Why offensive security is the flagship
Pen testing is the hardest case for agentic AI today, which makes it the right shape for proving the substrate works:
- The cost of an agent doing the wrong thing is immediate and external — disruption to a target, a contract violation, an unauthorized probe of an out-of-scope asset.
- Authorization isn't binary; it's scoped, time-bounded, and conditional. Real engagements have rules of engagement. Most agent frameworks don't model them.
- Findings ship to clients. Hallucinated findings ship to clients too, unless something stops them. The cost of a fabricated vulnerability report is reputational damage that no amount of "the model's getting better" can recover.
- Engagements are ephemeral, parameterized, and compositional — exactly the surface a policy substrate has to express to be useful.

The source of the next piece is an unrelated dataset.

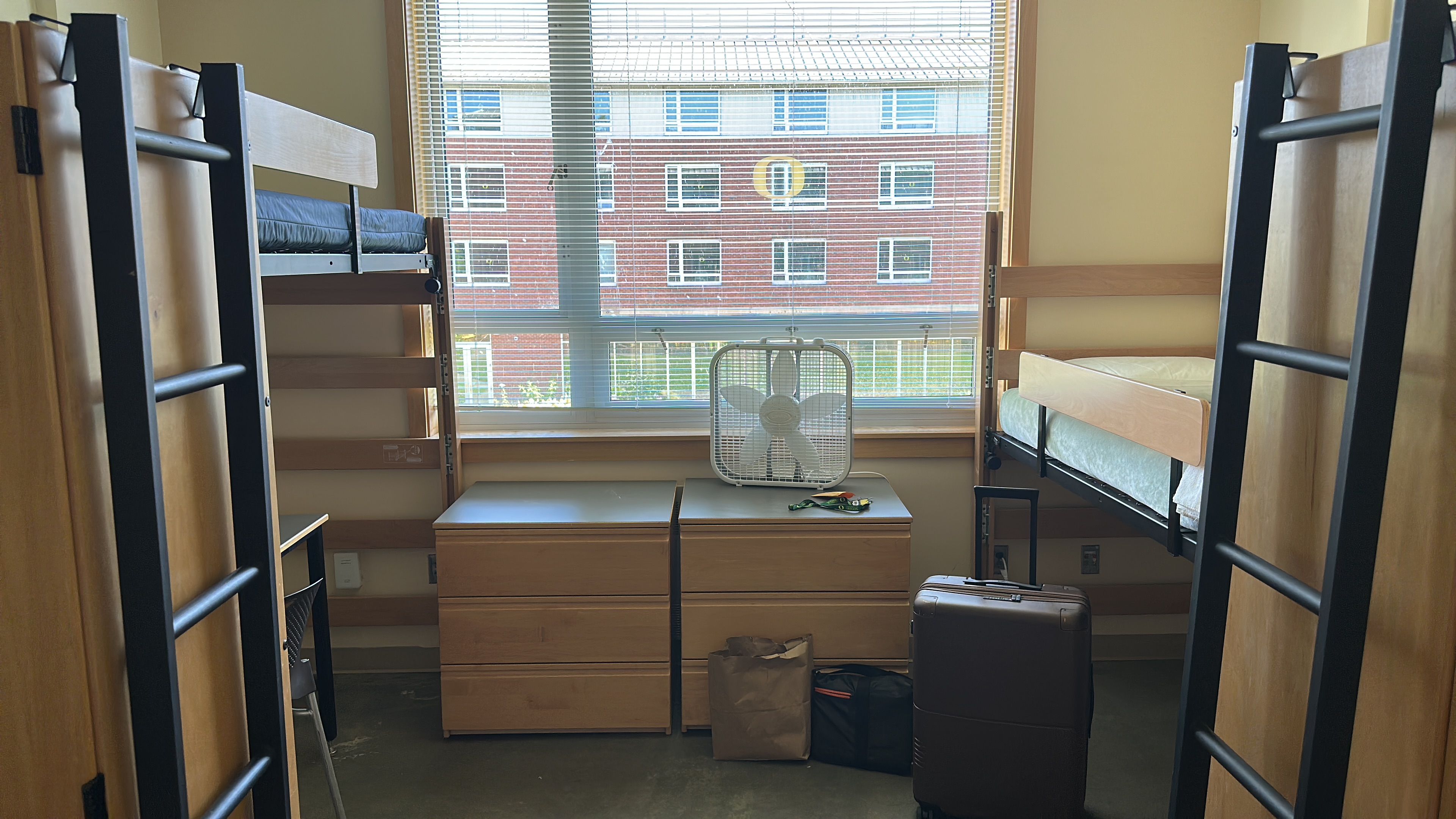 July the 4th was the day I arrived, which explained why I saw a considerable number of pedestrians donning American flag-printed t-shirts. (I later realised that this particular kind of decoration is not in fact localised to Independence Day.) In perhaps an appropriately American fashion, I was taken to Walmart that day by my new friend (the aunt of my friend) to acquire some meantime underwear. They had just what I needed: 20-packs of underwear, SIM cards, eighty-six varieties of pound-sized bags of crisps, and high-powered hunting crossbows. Here I think I'd been awake for about thirty-two hours, and I was really dizzy. Unfortunately I slept quite poorly that night, getting perhaps six our so hours of sleep, although my suitcase did show up during that time which I appreciated. The next day I headed to the U of O campus to deliver my things to the dorm, pictured below, where I stayed for five weeks.

If ARA can make agents safe and accountable in offensive security, the same substrate covers softer use cases without modification.
Beyond offensive security
The same primitives generalize cleanly:
Customer-facing assistants
Armor encodes brand and safety posture. Trims encode per-customer scope and SLA. Weapons encode approved task playbooks. Audit ships to compliance.
Internal data platforms
Armor restricts the agent to permitted data domains. Trims represent per-query authorization. Weapons enforce the analytic playbook the agent must follow.
Regulated research
Provenance for every cited claim. Rate limits to satisfy upstream API agreements. Preflight to assert authorization is in place before any external request.
Long-running operations
Time-of-day enforcement for change windows. Stop conditions for budget caps. A first-use registry that lets operators sleep while the agent operates within rails they pre-approved.
ARA is not a wrapper for one runtime, one model, or one provider — it is a layer the runtime runs inside.
ARA is self-hosted, single-operator-friendly, and licensed for internal use under selective preview. We are open to investment and partnership opportunities.